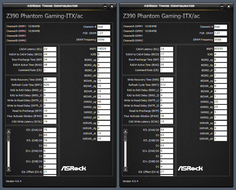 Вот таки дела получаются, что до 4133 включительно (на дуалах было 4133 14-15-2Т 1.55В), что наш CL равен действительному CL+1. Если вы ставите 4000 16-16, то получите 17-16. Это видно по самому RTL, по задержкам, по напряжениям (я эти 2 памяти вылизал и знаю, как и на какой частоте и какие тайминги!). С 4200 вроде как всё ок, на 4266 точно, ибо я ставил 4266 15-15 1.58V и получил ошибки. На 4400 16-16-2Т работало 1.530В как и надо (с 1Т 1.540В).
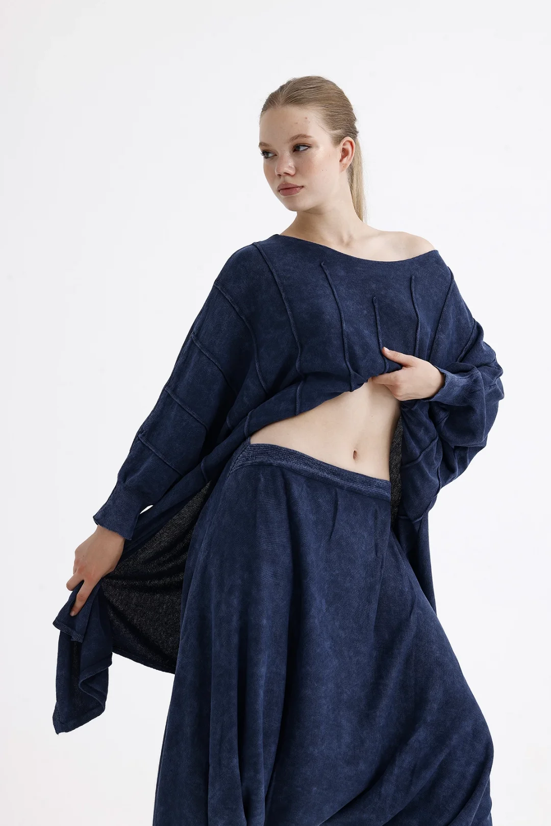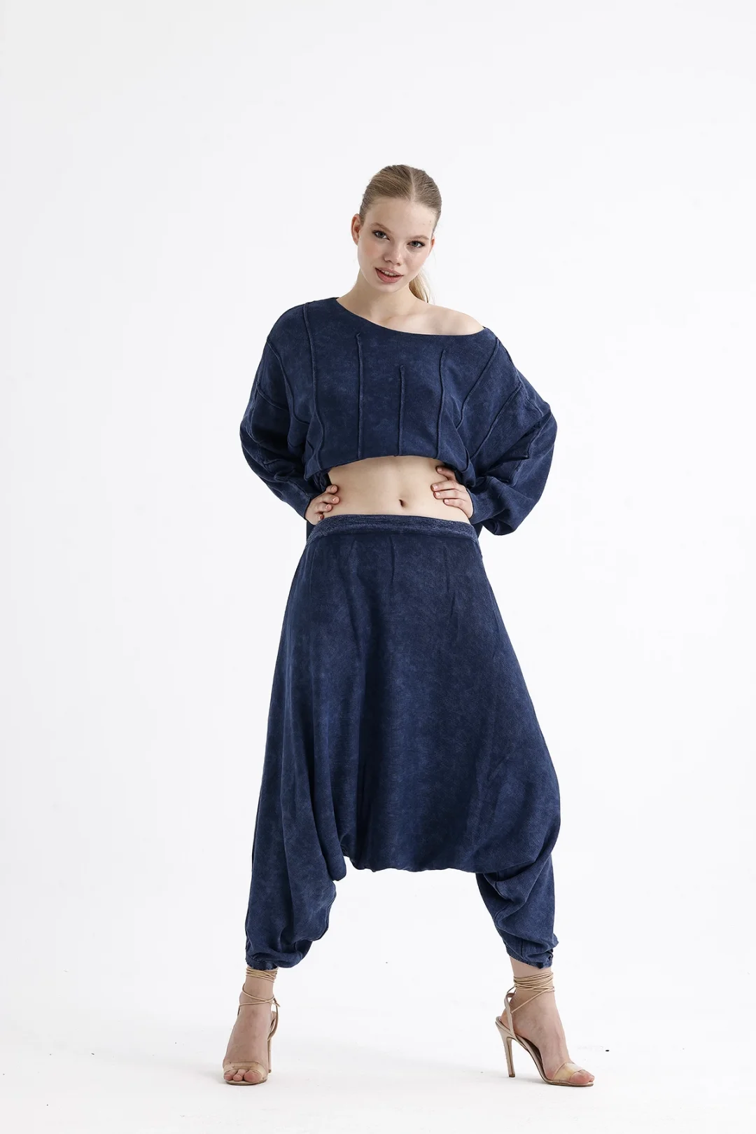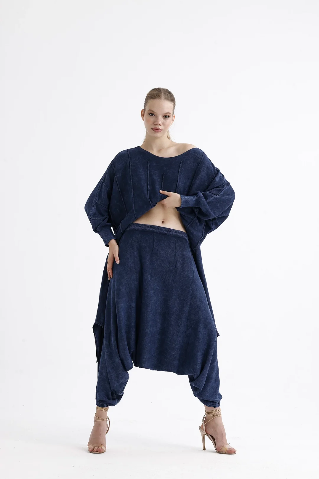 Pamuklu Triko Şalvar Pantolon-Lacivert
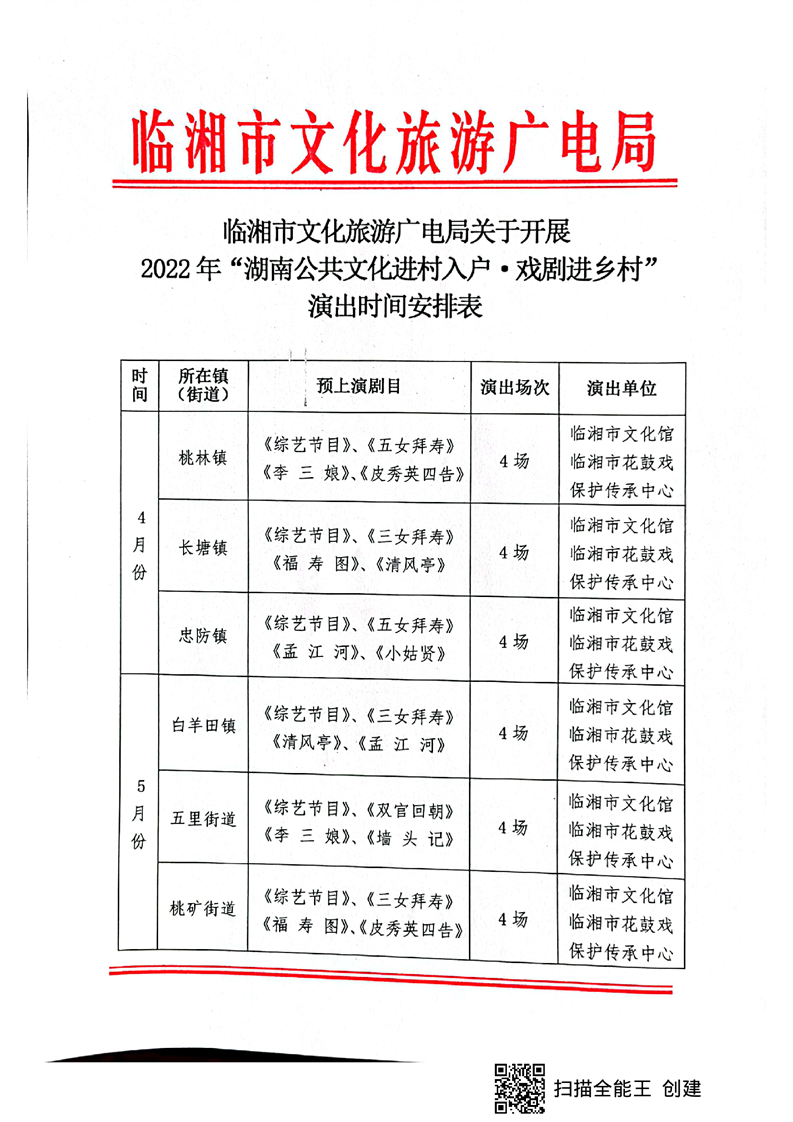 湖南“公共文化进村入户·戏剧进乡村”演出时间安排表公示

= = = =

- What is expected -
Without the pictures, give every line above again exactly.

- Reply to the exercise -
 Вот таки дела получаются, что до 4133 включительно (на дуалах было 4133 14-15-2Т 1.55В), что наш CL равен действительному CL+1. Если вы ставите 4000 16-16, то получите 17-16. Это видно по самому RTL, по задержкам, по напряжениям (я эти 2 памяти вылизал и знаю, как и на какой частоте и какие тайминги!). С 4200 вроде как всё ок, на 4266 точно, ибо я ставил 4266 15-15 1.58V и получил ошибки. На 4400 16-16-2Т работало 1.530В как и надо (с 1Т 1.540В).
 Pamuklu Triko Şalvar Pantolon-Lacivert
 湖南“公共文化进村入户·戏剧进乡村”演出时间安排表公示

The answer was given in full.